Como na «Tourada», de Tordo e Ary do Santos, mais gente foi acorrendo à festa – «Entram guizos, chocas e capotes. E mantilhas pretas. Entram espadas chifres e derrotes. E alguns poetas.»
À medida que o tempo avançou, foram entrando especialistas disto e daquilo. Entraram claques, com cânticos mais ou menos indignos – quando não coisa pior. Até que neste estágio da sua evolução entraram no futebol craques da comunicação, comentadores, encartilhados ou não, com carta-branca para debitarem factos alternativos, com rédea solta para intoxicarem a opinião pública.

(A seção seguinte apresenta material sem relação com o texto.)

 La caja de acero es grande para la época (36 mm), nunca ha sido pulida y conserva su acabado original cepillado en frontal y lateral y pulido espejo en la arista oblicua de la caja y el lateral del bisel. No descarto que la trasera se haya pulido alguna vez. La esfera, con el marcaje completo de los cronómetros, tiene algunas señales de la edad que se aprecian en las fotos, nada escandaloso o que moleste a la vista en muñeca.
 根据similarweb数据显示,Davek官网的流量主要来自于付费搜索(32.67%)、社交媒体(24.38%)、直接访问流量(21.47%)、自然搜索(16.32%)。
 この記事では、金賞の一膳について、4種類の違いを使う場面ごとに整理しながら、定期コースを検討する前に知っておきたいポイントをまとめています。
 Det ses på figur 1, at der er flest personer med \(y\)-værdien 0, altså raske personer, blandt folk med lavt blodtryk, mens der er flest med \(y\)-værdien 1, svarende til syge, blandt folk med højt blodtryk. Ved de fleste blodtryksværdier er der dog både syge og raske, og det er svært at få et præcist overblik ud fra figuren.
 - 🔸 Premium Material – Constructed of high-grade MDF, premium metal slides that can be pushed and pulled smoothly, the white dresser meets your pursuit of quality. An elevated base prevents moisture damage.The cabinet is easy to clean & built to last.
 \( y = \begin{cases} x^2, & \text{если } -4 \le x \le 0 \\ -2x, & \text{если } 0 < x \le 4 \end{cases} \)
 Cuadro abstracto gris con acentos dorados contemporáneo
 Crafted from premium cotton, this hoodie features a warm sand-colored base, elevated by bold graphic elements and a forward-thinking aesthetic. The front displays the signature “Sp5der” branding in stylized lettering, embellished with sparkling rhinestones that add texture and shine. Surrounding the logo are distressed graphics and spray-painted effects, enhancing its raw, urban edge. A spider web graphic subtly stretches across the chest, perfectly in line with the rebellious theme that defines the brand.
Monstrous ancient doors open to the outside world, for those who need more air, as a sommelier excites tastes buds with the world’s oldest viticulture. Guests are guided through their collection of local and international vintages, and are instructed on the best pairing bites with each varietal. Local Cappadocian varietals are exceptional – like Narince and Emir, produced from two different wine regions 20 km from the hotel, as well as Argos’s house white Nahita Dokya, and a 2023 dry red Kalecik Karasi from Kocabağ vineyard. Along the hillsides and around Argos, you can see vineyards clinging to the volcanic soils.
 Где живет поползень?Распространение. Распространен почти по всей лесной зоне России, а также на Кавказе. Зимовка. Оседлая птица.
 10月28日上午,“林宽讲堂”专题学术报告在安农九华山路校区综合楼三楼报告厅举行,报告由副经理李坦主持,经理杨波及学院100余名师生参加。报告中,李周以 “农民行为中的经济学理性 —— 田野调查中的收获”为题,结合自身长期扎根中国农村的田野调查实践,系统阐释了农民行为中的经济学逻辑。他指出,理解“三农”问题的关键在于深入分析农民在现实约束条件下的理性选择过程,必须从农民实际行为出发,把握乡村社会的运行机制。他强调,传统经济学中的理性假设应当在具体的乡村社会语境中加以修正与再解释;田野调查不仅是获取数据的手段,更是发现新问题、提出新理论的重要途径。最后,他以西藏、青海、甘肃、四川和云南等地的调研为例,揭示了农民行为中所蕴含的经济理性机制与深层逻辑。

Ao longo dos tempos, criaram-se categorias profissionais inesperadas à medida em que entrou na festa gente necessária e gente supérflua, dispensável até. Para o consumidor fica a prerrogativa de decidir se assiste ou não aos espectáculos acessórios.
A única decisão que tenho tomada para esta semana é a de no sábado estar fisicamente o mais longe possível do dérbi de Lisboa, no extremo nordeste do território português.
Poupar-me-ei a cortejos e caixas de segurança ou a considerandos redundantes. E só à hora do jogo tentarei encontrar uma televisão para olhá-la por não mais do que 90 minutos.
Até lá, cruzarei o Planalto Mirandês. Entre as placas bilingues da N221 sei chegará o momento de espreitar a paisagem na berma para tentar encontrar a único casamento feliz entre tourada e futebol: uma manada a pastar debaixo da baliza daquele magnífico ervado entre Sendim e Miranda."